The invention relates to a target detection method based on a double-path parallel attention mechanism, which replaces an original self-attention module with a double-path parallel attention module, captures global and local characteristics through different branches and enables a model to better extract image characteristics. The channel attention module replaces a feed-forward network to aggregate the characteristics, so that the model focuses more on the information of the characteristic channel dimension rather than the information of the space dimension. The method can reduce the parameter quantity of the model, accelerate the convergence of the model and improve the performance of the model.

The above-mentioned contents only illustrate the technical idea of the present invention, and the protection scope of the present invention is not limited thereby, and all the modifications made on the basis of the technical solution belong to the technical idea proposed by the present invention and fall within the protection scope of the claims of the present invention.

Claims

1. A target detection method based on a two-way parallel attention mechanism is characterized by comprising the following steps:

step 1, preparing a data set required by model training;

step 2, downloading the COCO2017 data set to a local computer, and then putting the data into a corresponding folder according to a format;

step 3, configuring a deep learning environment;

and 5, sending the verification set images in the data set into the target detection model for verification according to the target detection model obtained in the step 4 to obtain the precision of the model.
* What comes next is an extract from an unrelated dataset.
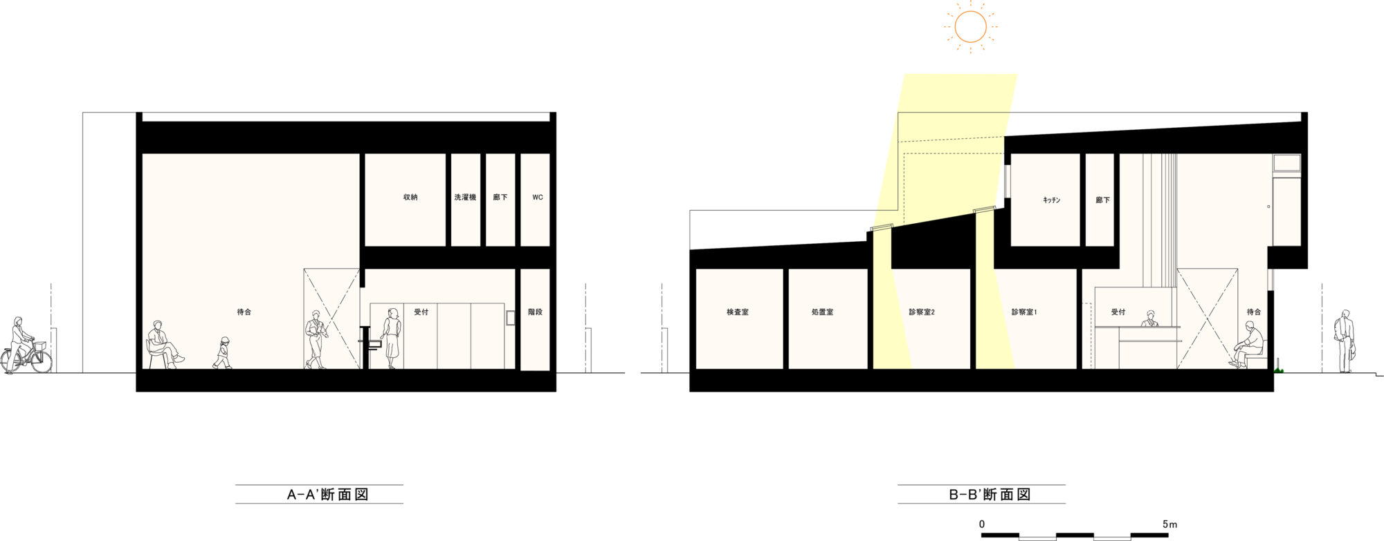 緑が見えたり、自然光が入る診察室を提案したこともあるが、診療内容によっては、それらが邪魔になることもある。今回も懲りずに診察室の奥にハイサイド、最も暗くなる廊下側にトップライトを提案した。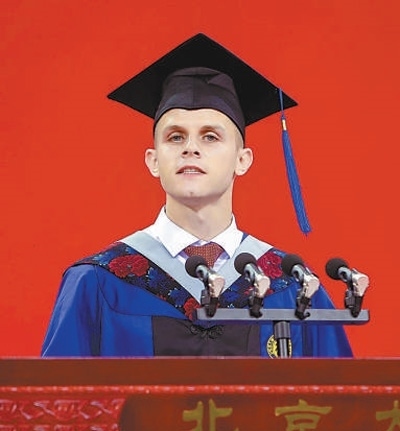 安德里亞在北京大學(xué)畢業(yè)典禮上作為學(xué)生代表發(fā)言。受訪(fǎng)者供圖

2. The target detection method based on the two-way parallel attention mechanism according to claim 1, characterized in that the step 1: org download model training the data set required to log in the web page, download the COCO2017 to the local computer.

3. The target detection method based on the two-way parallel attention mechanism according to claim 1, wherein the step 2: the data set comprises four parts, namely a training set image, a training set annotation file, a verification set image and a verification set annotation file, a folder named data is created in a project file, three folders are created in the folder and named as train2017, val2017 and annotations respectively, the training set image is placed in the train2017 folder, and the verification set image is placed in the val2017 folder, the training set annotation file and the verification set annotation file are placed in the annotations folder.

4. The target detection method based on the two-way parallel attention mechanism according to claim 1, wherein the step 3: the deep learning environment is built by adopting PyTorch of the Facebook institute of artificial intelligence as a deep learning framework and adopting Wuban image 20.04 system, python version 3.7, pytrch 1.10.0 and CUDA 11.3.

5. The target detection method based on the two-way parallel attention mechanism according to claim 1, characterized in that the step 4: inputting the training set images in the data set into a target detection network based on a two-way parallel attention system for iterative training, inputting the images, extracting image characteristics by using a trunk part of the target detection network based on a structure self-adaptive attention system, inputting the characteristics into a target detection model based on the two-way parallel attention system for iterative training, finally training a target detection model, setting a parameter learning rate to be 0.0001, training the model for 50 rounds, setting a weight attenuation rate to be 0.1, beginning attenuation in a 40 th round, setting the batch size to be 8, and querying the number to be 100, wherein a piece of Yingwei Dazhao display card is arranged.

6. The target detection method based on the two-way parallel attention mechanism according to claim 1, characterized in that the step 5: and (4) inputting the verification set images in the data set into a trained target detection model for detection according to the insulator defect model obtained in the step (4), and calculating the precision of the model.